I paid $13.50 for a sandwich today. It was a huge mistake. I’ve come here today to make amends for that mistake.
The scene of the crime was the Bay Cities Deli in Santa Monica, and I had stopped there on the way to an appointment at a nearby client’s office. This prospect excited me, as Bay Cities has arguably the best deli sandwich in Los Angeles, and at reasonable prices. Or so I thought.
Once I was able to jockey for a spot in the limited parking lot, I hustled into the shop. Figuring I had just missed the weekday lunch rush, I thought I’d just waltz in and out. But such is not life in sunny Santa Monica; the inside of Bay Cities was like WalMart on Black Friday. Cray-cray. Yes, that’s right. So impossibly impossible that only the most awful slang would suffice in its description. And cray-cray is about as awful as one can get.
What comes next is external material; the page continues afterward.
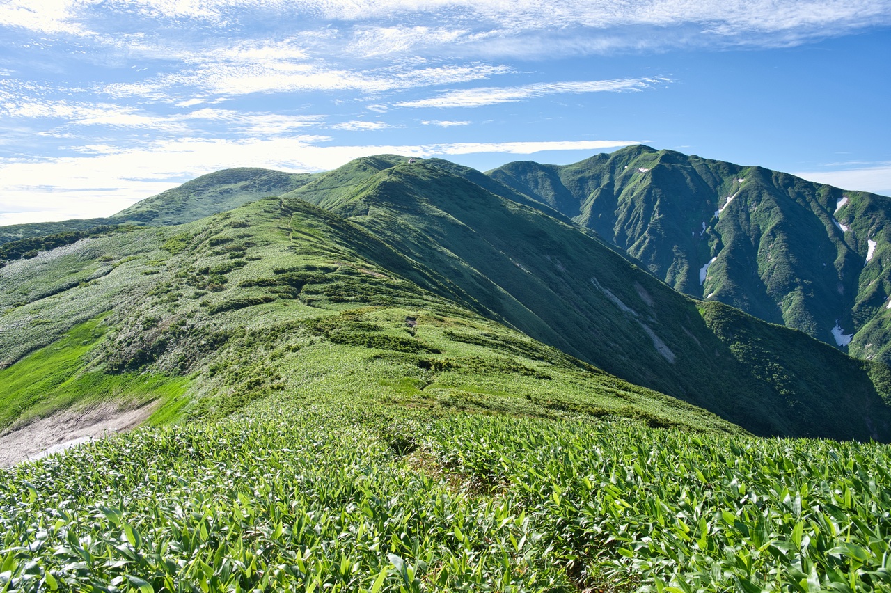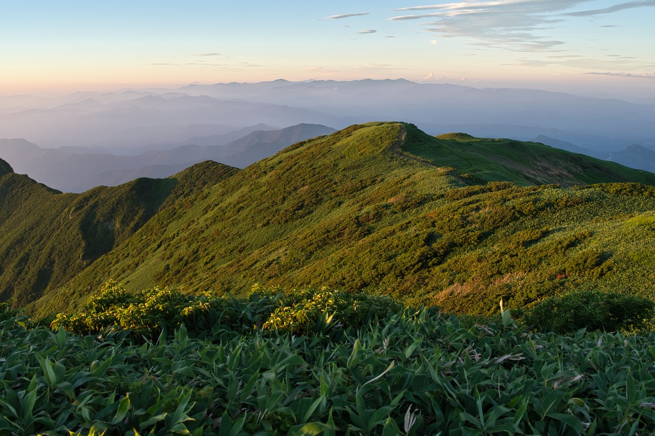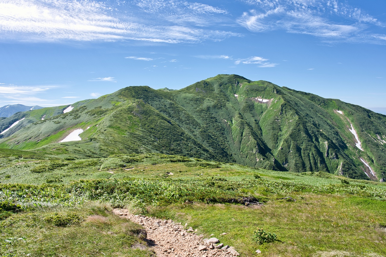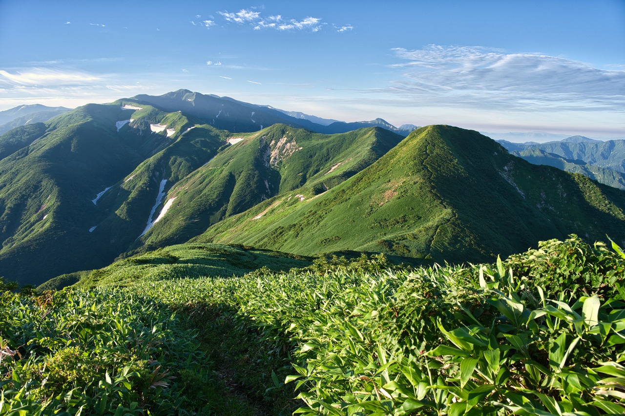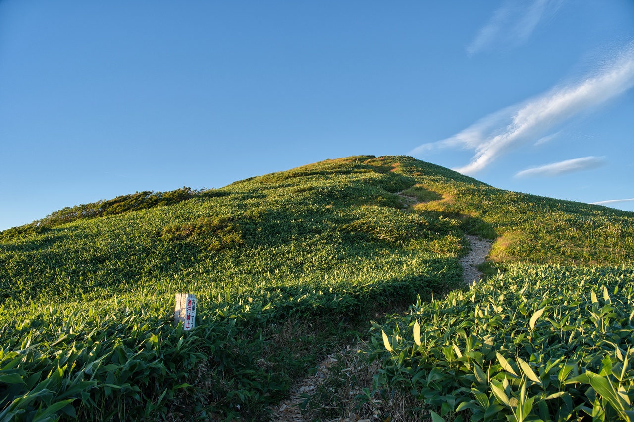 福島県、山形県および新潟県の3県にまたがる飯豊連峰の北端に位置している山です。標高1,600メートル少々でしかない山ですが、豪雪地帯にあるため森林限界高度は低く、視界が大きく開けた稜線が連なっています。雪解け直後の初夏の季節になると、稜線上に多種多様な高山植物が一斉に花を咲かせます。

After fifteen minutes of waiting for service, it became apparent that my “number”–you pull a number to get served–was still twenty customers away from being called. If I didn’t act quickly, I’d either be late to my appointment or on-time and hungry. So I started searching for an out. I found one immediately, behind the deli glass, next to the roast beef. It was a bundle of fresh, turkey-and-other-shit-that-looked-yummy delight just waiting to be snagged.
“Say,” I asked the lady behind the counter, “these sandwiches wouldn’t happen to be available… number-free?”
Holding up my triple-digit teardrop paper, the woman behind the counter nodded, and indicated the man in the black polo twenty paces to her left. “He can help you,” she said. Why she couldn’t simply grab the sandwich and hand it to me was beyond imagination, but at least it wasn’t a rejection.
As the man prepared the sandwich for me in its new wrapping, I saw him scribble a sweet nothing on the paper before handing it over. Most sandwiches at the deli were in the $8 range, including custom options that allowed you to choose your own ingredients. Perhaps this was a reward for customer patience. Nonetheless, I figured my sandwich would be $8. It was practically a consolation sandwich, pre-made this morning for the poor sap who scheduled his day a little too tightly for sitting around until someone yelled “107”.
I was in such a hurry to leave, that when the man handed me the sandwich, I grabbed it and raced to the checkout without further question. It wasn’t until the cashier blurted out the total I owed for the sandwich that I bothered to look at what the man had written on the food’s wrapping:
$13.50
As humans, we have an innate instinct for survival. When feeling pressured by external influences, one loses the ability to distinguish between practical triggers for adrenal release and those triggers that are wholly outdated. The difference between, say, a fast-approaching sharp-toothed predator and a fast-approaching meeting with a development associate feel eerily similar. Both require physical movement and emotional response. Both require immediate action in order to survive free of punishment. In the case of hunger, that priority action is the capture of edibles, and the consequential movement becomes throwing an obscene amount of cash down on the checkout counter for one freaking sandwich.
$13.50.
I certainly won’t win any Nobel Peace Prize nominations from this work, but from this day in particular I can learn one thing: Don’t ever pay $13.50 for a sandwich because $13.50 is way too much to pay for a sandwich and you’ll spend the rest of the day wondering why you spent $13.50 on a sandwich.
Heed this advice and grow to be a better person.
It was a tasty meal though, I’ll give you that.
– TOH
I agree with you there Tho, way to much! Hell I get mad when I spend $30 on a med pizza! Plus tips it cray-cray ( I just had to) to pay that much for dough meat and cheese! So I feel you completely! Yes “cray-cray” it the worse say EVER!!